Thrombelastometrie

Thrombelastometrie

Die Thrombelastographie bzw. Thromb(o)elastometrie ist ein diagnostisches (viskoelastisches) Verfahren, mit dem Gerinnungseigenschaften (Hämostase) von Vollblut untersucht werden können. Im Gegensatz zu den herkömmlichen Gerinnungsanalysen (Quick, aPTT) können auch die Festigkeit des Blutgerinnsels, dessen Auflösung und verschiedene spezielle Fragestellungen erfasst werden.

Inhaltsverzeichnis

Entwicklung

1948 wurde von Hartert in Heidelberg das Prinzip der Thrombelastographie beschrieben.[1] Aufgrund der aufwändigen Handhabung und der Erschütterungsempfindlichkeit dieser „klassischen Thromboelastographie“ konnte es sich kaum im klinischen Alltag durchsetzen, fand jedoch im amerikanischen Raum eine gewisse Verbreitung (TEG®, Haemoscope, USA). Anfang der 1990er Jahre wurde das Prinzip der Rotations-Elastographie (ROTEG) weiterentwickelt, das im Wesentlichen erschütterungsunempfindlich und damit Point-of-Care-fähig ist.[2] Aus namensrechtlichen Gründen erfolgte später eine Umbenennung in Rotationsthromboelastometrie (ROTEM®, Tem Innovations GmbH, München).[3]

Verfahren

Bei der klassischen Thrombelastographie bildet sich an einem Stempel, der in ein in Längsrichtung schwenkendes Probengefäß mit der Blutprobe ragt, das Blutgerinnsel. Mit zunehmender Gerinnung wird die Bewegung auf den Stempel übertragen, was als Kurve über die Zeit dargestellt werden kann. Bei der Rotationsthromboelastometrie dreht sich hingegen der Stempel bei feststehendem Gefäß. Der Messansatz erfolgt mit Zitratblut, die Gerinnung wird durch den Zusatz von Kalzium und Aktivatoren gestartet.

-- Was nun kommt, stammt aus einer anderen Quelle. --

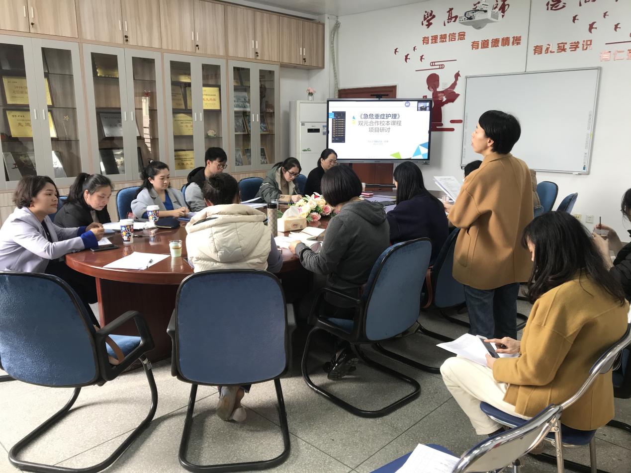 “急救護(hù)理”系列示范建設(shè)以建成校級(jí)標(biāo)準(zhǔn)、校企雙元、產(chǎn)教融合的資源共享課程、在線開放課程為目標(biāo),以進(jìn)一步完善課程資源開發(fā)及校企合作雙元教材研發(fā)為重點(diǎn)。研討會(huì)上,護(hù)理學(xué)院第二黨支部書記兼內(nèi)科護(hù)理教研室主任洪霞、黨員教師張璟和龔仁燕分別介紹了《急危重癥護(hù)理》課程擬定開發(fā)微課設(shè)計(jì)思路、課程擬修訂教學(xué)模式、課程網(wǎng)站建設(shè)與完善思路等課程示范建設(shè)任務(wù)的實(shí)施方案以及雙元合作校本教材的設(shè)計(jì)思路、老年保健專業(yè)《基本救護(hù)技術(shù)》的進(jìn)度。各醫(yī)院臨床教師熱烈討論,積極建言,引入職業(yè)技能培訓(xùn)中采用的新標(biāo)準(zhǔn)、新規(guī)范、新技術(shù),使日常教學(xué)更加貼近臨床實(shí)踐。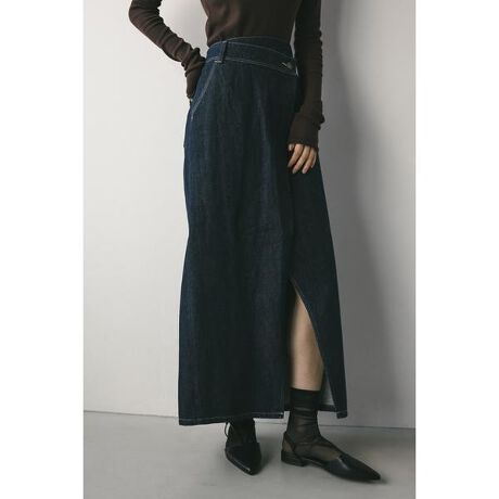 モデル身長166cm(Mサイズ着用)ウエストからのラップデティールがポイントのデニムスカート。ステッチデザインが映える一枚。歩く度に覗く裾スリットがスタイリングに抜け感をプラスしてくれます。フリンジディテールを施したカジュアルなアイボリーとワンウォッシュを加えたモードなインディゴの2色展開です。500ISS10-0841(デニムカバーオール)とセットアップ着用可能。透け感なし、ストレッチなし。【お手入れ方法】マシンウォッシュ可

Es sind verschiedene kommerzielle ROTEM®-Systeme erhältlich, die verschiedene differenzialdiagnostische Aussagen erlauben. Mit INTEM (Kontaktaktivierung) wird bevorzugt der intrinsische Weg, mit EXTEM (Aktivator: Tissue factor) der extrinsische Weg der Blutgerinnung getestet. HEPTEM kann die Wirkung von Heparin identifizieren (Zusatz von Heparinase). FIBTEM kann den plasmatischen Anteil vom thrombozytären Anteil der Gerinnung unterscheiden (Zusatz von Cytochalasin D). APTEM kann das Vorhandensein einer starken Hyperfibrinolyse aufzeigen (Hemmung derselben durch Aprotinin). Für TEG® existiert ein Heparinase-Test (Heparin-Einfluss) und ein Kaolin-aktivierter Test (intrinsisches System).[3]

Interpretation

Die Clotting time oder Coagulation time (CT, ROTEM) bzw. der r-Wert (TEG) ist die Latenzzeit vom Zeitpunkt der Zugabe des Aktivators bis zum Eintritt der Gerinnselbildung. Sie entspricht dem Quick-Wert (EXTEM) bzw. der aPTT (INTEM). Eine Verlängerung der Clotting time kann durch Gerinnungsstörungen, hauptsächlich durch einen Mangel an Gerinnungsfaktoren oder Heparin verursacht werden (abhängig vom verwendeten Test). Ein Heparineffekt kann durch den Vergleich der Clotting time des INTEM-Tests mit der Clotting time des HEPTEM-Tests festgestellt werden.

Als Clotting formation time (CFT, ROTEM) oder k-Wert wird die Zeit vom Eintritt der Gerinnselbildung bis zum Erreichen einer Amplitude von 20 mm definiert. Dieser Wert liefert einen Hinweis auf die Geschwindigkeit der Gerinnselbildung.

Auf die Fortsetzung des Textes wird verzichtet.